US equities (-8.7%) suffered their largest monthly loss since March 2020. Risk sentiment was stifled by multiple factors, including the Fed’s aggressive policy shift, persistent pressures on supply chains and inflation, and geopolitical risks from the war in Ukraine. Growth stocks significantly underperformed their value counterparts. The Nasdaq Composite Index registered its largest monthly decline since October 2008 amid surging Treasury yields and disappointing earnings results from some of the biggest technology companies. Skyrocketing energy and food prices and strong consumer demand propelled inflation to a four-decade high; the headline Consumer Price Index (CPI) increased 8.5% annually in March (6.5% at the core level). Fed Chair Jerome Powell signaled that the Fed is likely to raise interest rates by 50 basis points (bps) in May and formally announce plans to begin reducing its US$9 trillion balance sheet, as the bank accelerates efforts to slow economic growth enough to temper inflation without tipping the US into recession. US GDP declined at a 1.4% annual rate in the first quarter, driven by pandemic impacts, a widening trade deficit, and lower government spending and inventory investment by businesses. Of the 55% of companies in the S&P 500 Index that have reported first-quarter earnings results, 80% reported earnings that exceeded forecasts. In aggregate, earnings were 3.4% above estimates, below the five-year average of 8.9%. The blended year-over-year earnings growth rate for the index was 7.1%, and the forward 12-month price-toearnings ratio stood at 18.1.
Despite the disappointing first-quarter GDP reading, most US economic data released in April signaled that the economy remained on a firm footing. Ongoing strength in the labor market underpinned the Fed’s belief that the US economy is strong enough to withstand steeper rate hikes in 2022. Receding COVID cases, dwindling savings, and higher wages spurred a greater number of workers to rejoin the workforce in March, as the unemployment rate dipped to 3.6% and nonfarm payrolls rose by 431,000. Nonfarm payrolls in the prior two months were revised upward by 95,000. In March, the total number of jobs was 1.6 million lower than pre-pandemic levels, while average hourly earnings rose 5.6% annually. A sharp drop in initial jobless claims in April provided additional evidence of an extremely tight labor market. Consumers remained resilient in the face of higher inflation, helping to keep recession fears at bay. Greater outlays on services caused consumer spending to accelerate 1.1% in March compared to a month earlier, significantly higher than expectations of 0.6%, although retail sales moderated amid surging gas prices. The Conference Board Consumer Confidence Index ebbed slightly, but remained high, with labor market optimism outweighing inflation fears. A rapid increase in mortgage rates and soaring home prices fostered angst about the housing market. Homebuilder sentiment slipped to a seven-month low in April, and new-, existing-, and pending home sales declined in March. New home construction in March unexpectedly rose to its highest level since 2006, as builders sought to replenish low housing inventory.

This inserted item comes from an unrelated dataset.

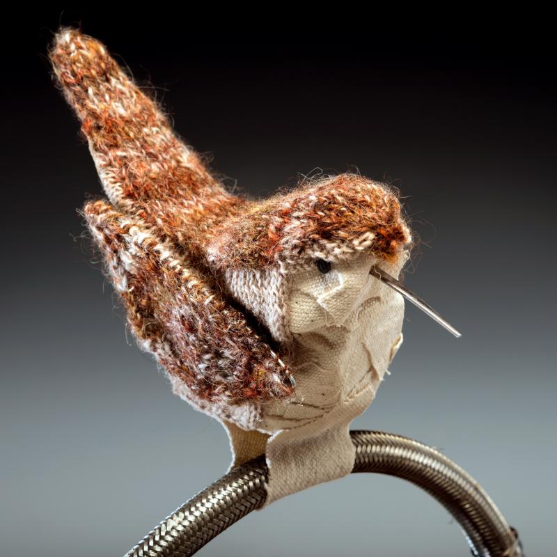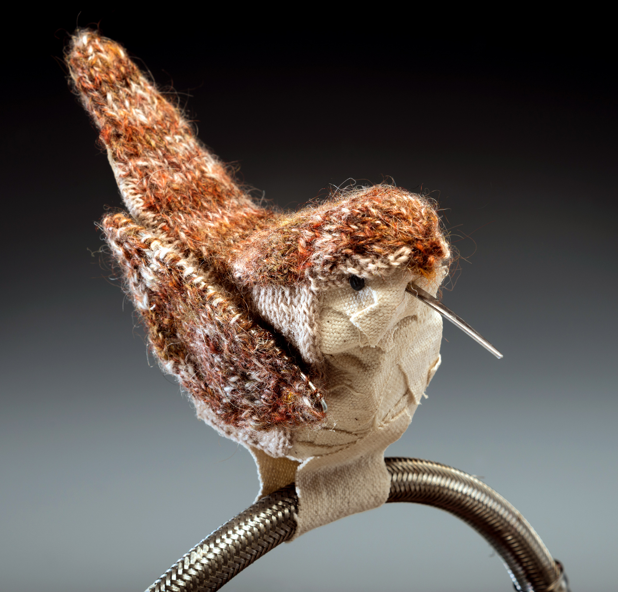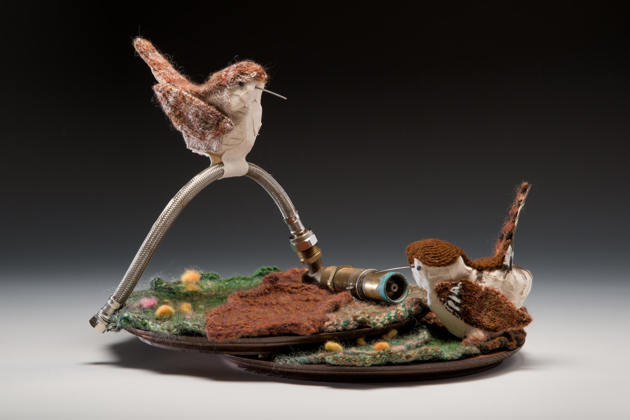I use knitting and yarn in my sculptures to draw people in. These techniques and materials pique curiosity while their familiarity evokes comfort, enabling me to raise serious questions in a gentle voice. The domesticity of yarn elicits a connection between the viewer and this nature scene, suggesting the common threat presented by environmental degradation.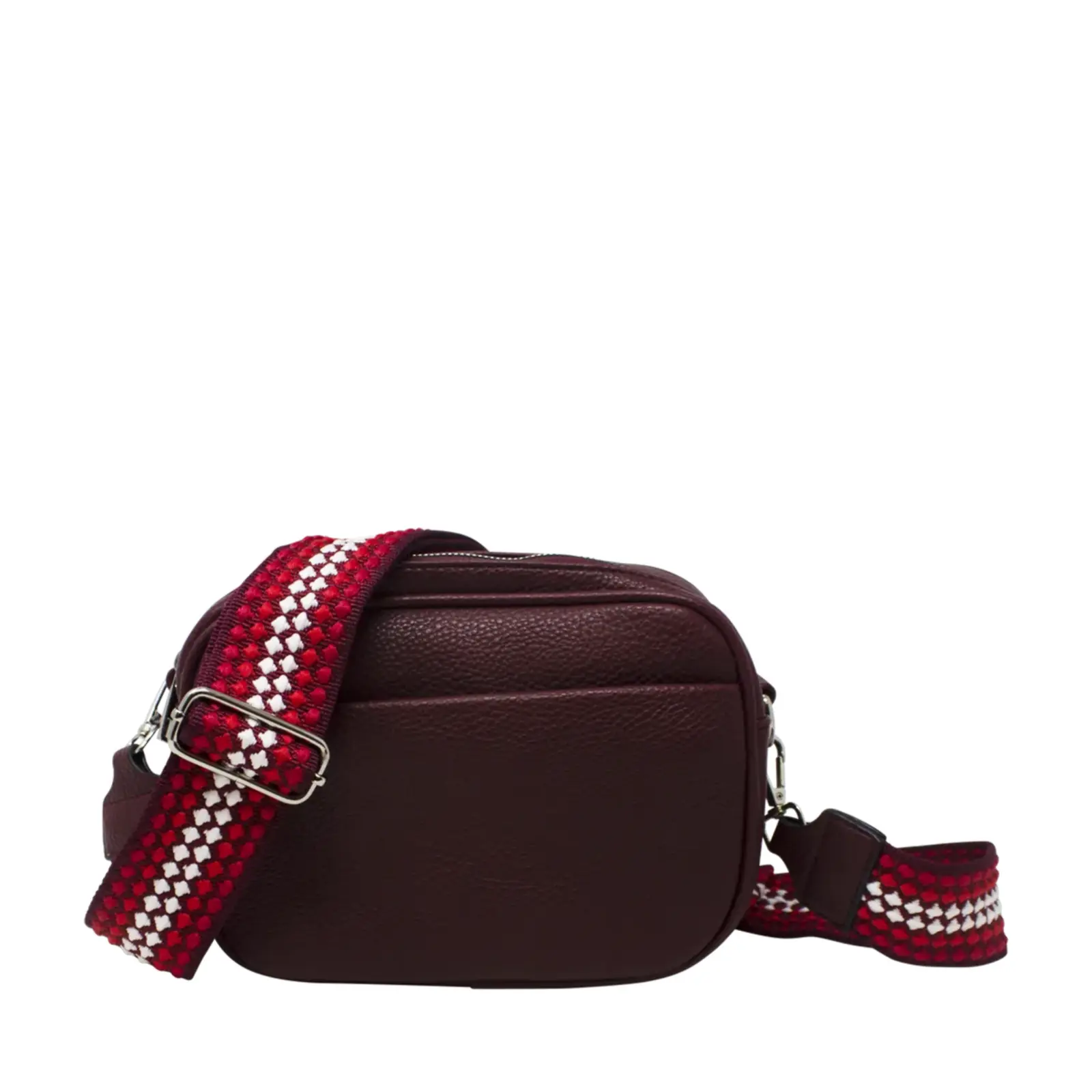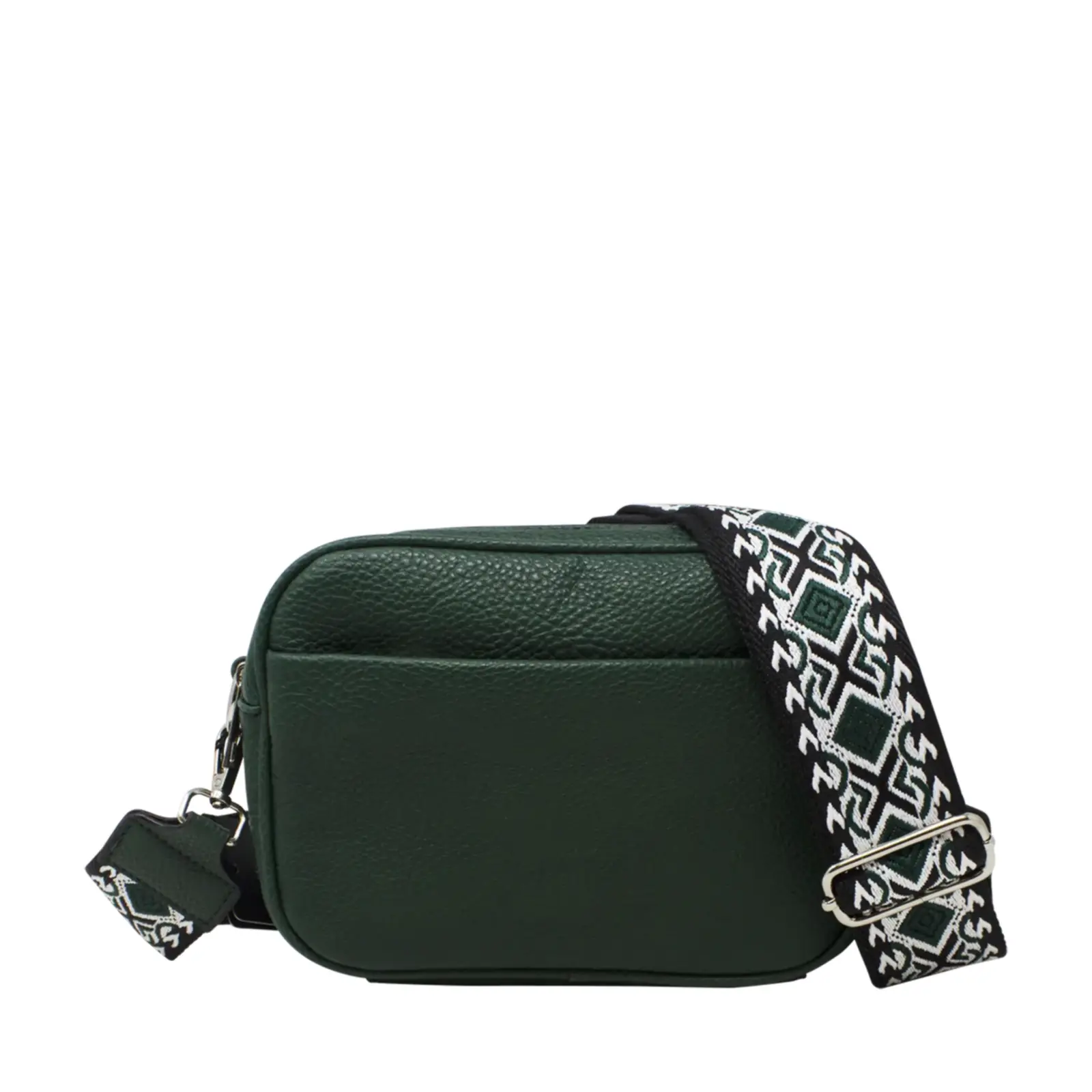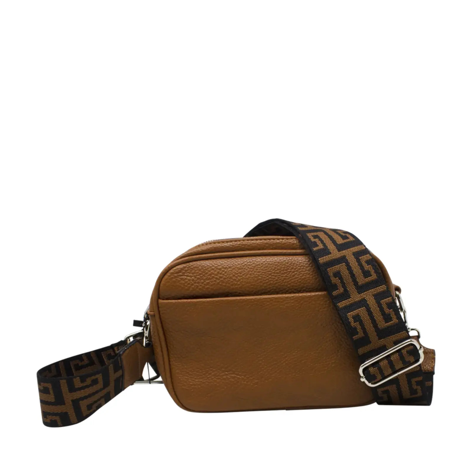 This crossbody is plain mono-coloured, all the highlights are put on the detachable shoulder straps. It comes with a front zipped pocket and two separated zipped compartments for an easy personal belonging management.

The expansion in US manufacturing unexpectedly slowed in April, as slumping demand and supply conditions drove the Institute of Supply Management (ISM) Manufacturing Index down to 55.4, from 57.1. In March, the services sector continued to enjoy a robust expansion, with the ISM Services Index rising to 58.3, from 56.5, on higher employment and stronger orders. Preliminary data for April showed a solid rise in services output, although acute labor and supply shortages and higher costs curbed the pace of growth. Headline producer prices in March soared by a record annual rate of 11.2% (9.2% at the core level), well above estimates and underscoring persistent inflation pressures that threatened to stifle consumers. The National Federation of Independent Business Small Business Optimism Index slid to 93.2 — the lowest level since April 2020 — as surging costs induced the worst outlook for business conditions on record.
Ten of the 11 sectors in the S&P 500 Index (-8.7%) posted negative results. Communication services was the worst performer (-15.6%), with the entertainment (-25.9%) and interactive media & services (-15.4%) groups detracting most. Consumer discretionary (-13.0%) also underperformed, weighed down by the internet & direct marketing retail (-23.4%) and automobiles (-18.6%) industries. Information technology (-11.2%) fell, led lower by semiconductors & semiconductor equipment (-18.4%) and software (-10.9%). Consumer staples (+2.6%) was the top-performing sector, driven by household products (+5.4%) and beverages (+3.8%).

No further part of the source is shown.